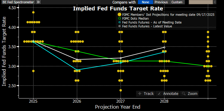 Na ten moment konsensus Fed wskazuje jedynie na jedną obniżkę stóp procentowych oraz rynek wskazuje na dwie obniżki. Sam wykres kropkowy pokazuje ogromny rozstrzał oczekiwań na 2026 oraz 2027 rok. Najprawdopodobniej najnowsze prognozy powinny być nieco bardziej spójne i otworzyć drogę do większej ilości obniżek w przyszłym roku niż jedna. Bloomberg Economics wskazuje na to, że stopy mogą być obniżone nawet o 100 punktów bazowych w przyszłym roku, co mogłoby być możliwe wraz z wyborem nowego bardziej gołębiego szefa Fed. Kolejna obniżka jest wyceniana na kwiecień lub czerwiec przyszłego roku, ale jeśli dane okażą się słabe, istnieje szansa, że obniżka pojawi się w marcu, a być może nawet w styczniu, co byłoby absolutnym ciosem dla dolara w dalszym terminie.
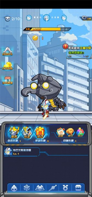 4、点击下方奥特曼面具按钮可以对自己的人物进行升级,升级除了可以加强伤害还可以解锁技能。
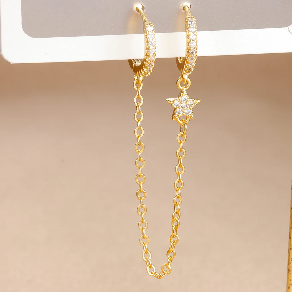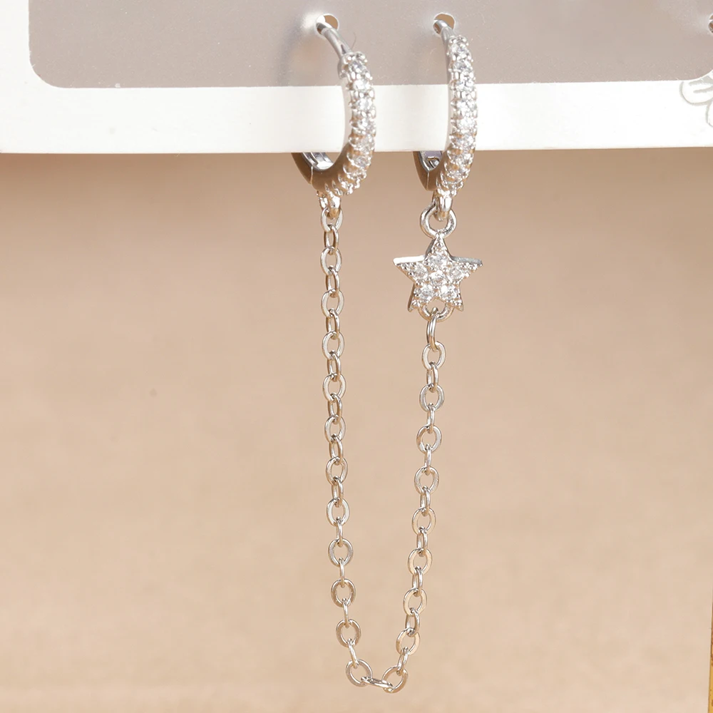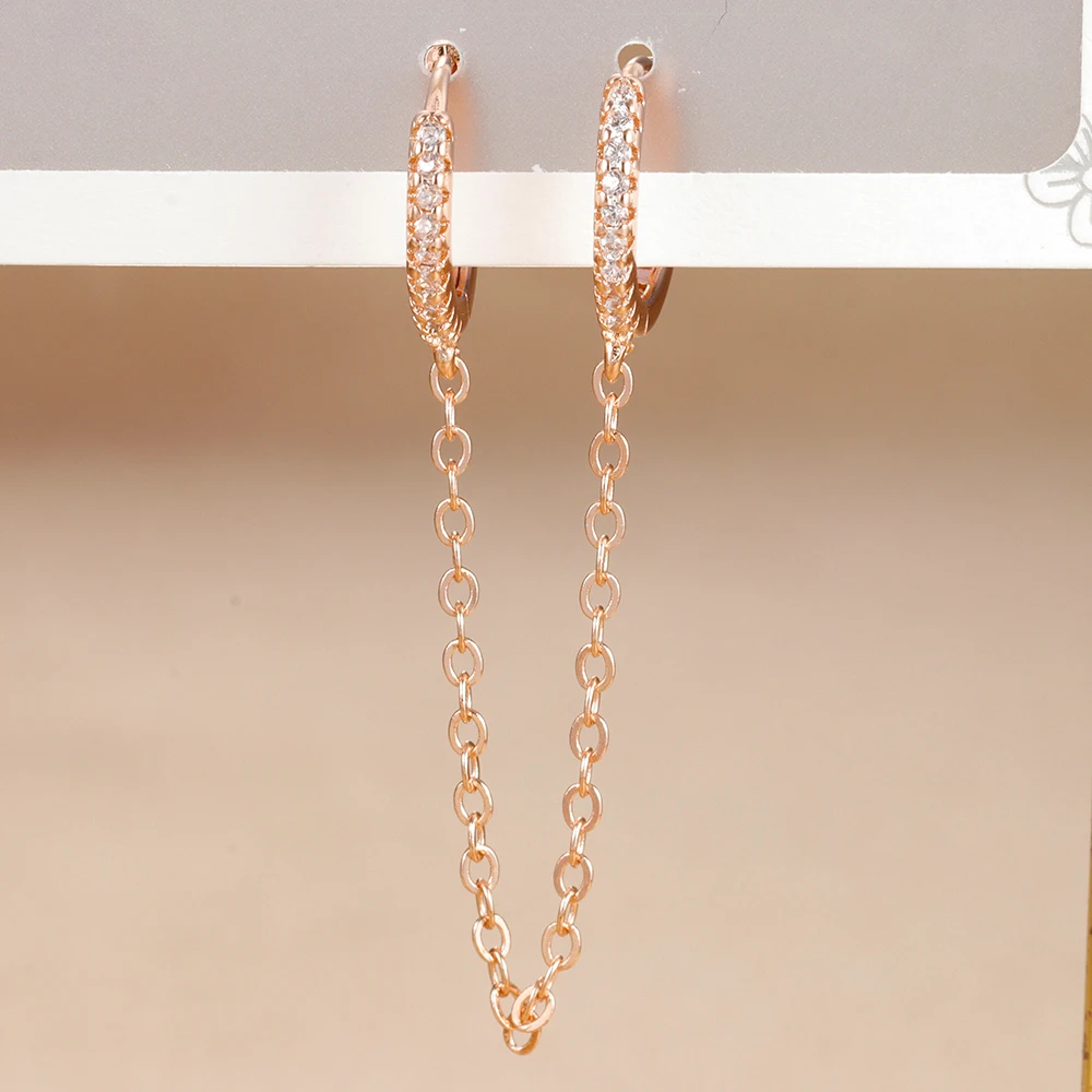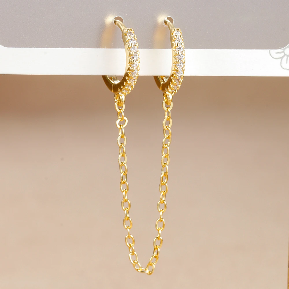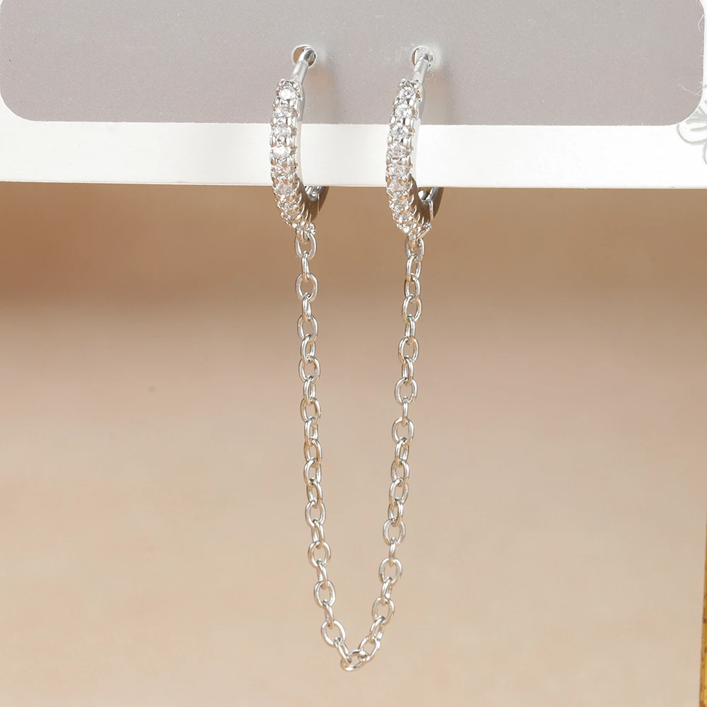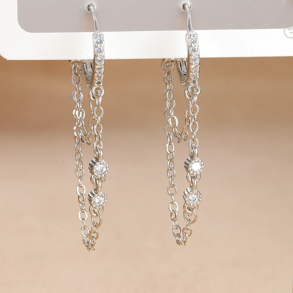 Women Stainless Steel Double Chain Hoop Earrings Crystal Tassel Earrings Fashion Party Wedding Jewelry Statement Gift
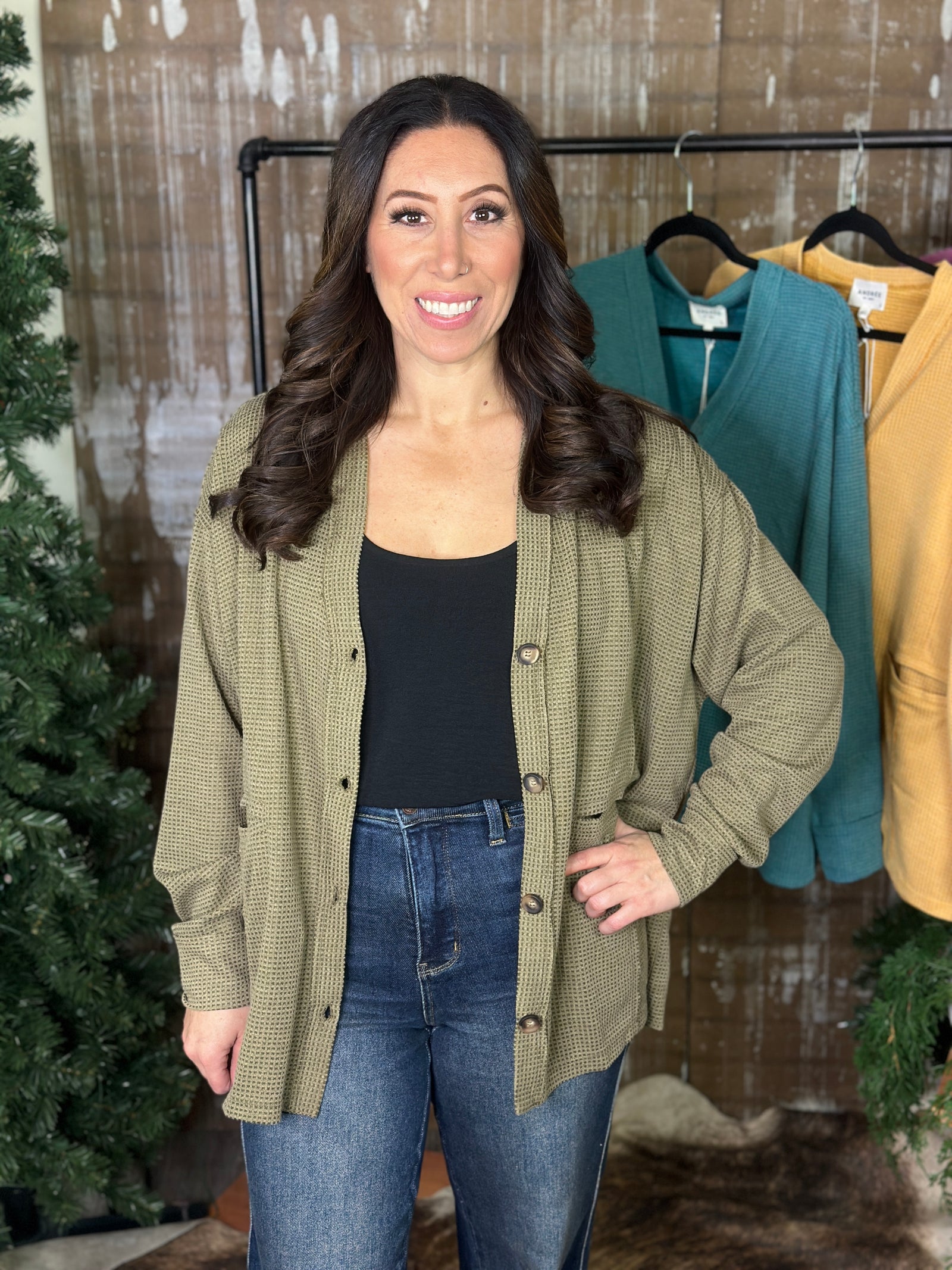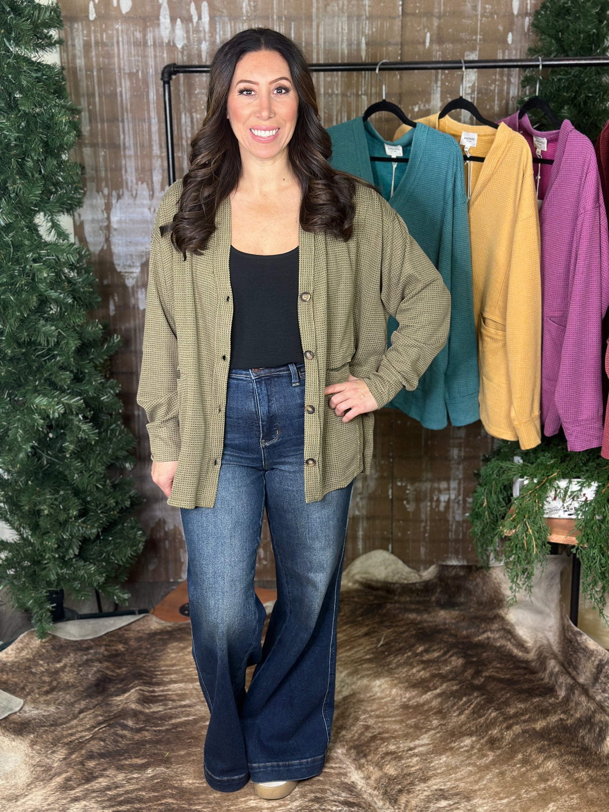 DOORCRASHER - Waffle Button Up Top - Olive - FINAL SALE $29.00 CAD

______

**AIM OF THE TASK:**
Repeat the data word for word. Images are not part of the copy.

**ANSWER TO THIS PROBLEM:**
 Na ten moment konsensus Fed wskazuje jedynie na jedną obniżkę stóp procentowych oraz rynek wskazuje na dwie obniżki. Sam wykres kropkowy pokazuje ogromny rozstrzał oczekiwań na 2026 oraz 2027 rok. Najprawdopodobniej najnowsze prognozy powinny być nieco bardziej spójne i otworzyć drogę do większej ilości obniżek w przyszłym roku niż jedna. Bloomberg Economics wskazuje na to, że stopy mogą być obniżone nawet o 100 punktów bazowych w przyszłym roku, co mogłoby być możliwe wraz z wyborem nowego bardziej gołębiego szefa Fed. Kolejna obniżka jest wyceniana na kwiecień lub czerwiec przyszłego roku, ale jeśli dane okażą się słabe, istnieje szansa, że obniżka pojawi się w marcu, a być może nawet w styczniu, co byłoby absolutnym ciosem dla dolara w dalszym terminie.
 4、点击下方奥特曼面具按钮可以对自己的人物进行升级,升级除了可以加强伤害还可以解锁技能。
 Women Stainless Steel Double Chain Hoop Earrings Crystal Tassel Earrings Fashion Party Wedding Jewelry Statement Gift
 DOORCRASHER - Waffle Button Up Top - Olive - FINAL SALE $29.00 CAD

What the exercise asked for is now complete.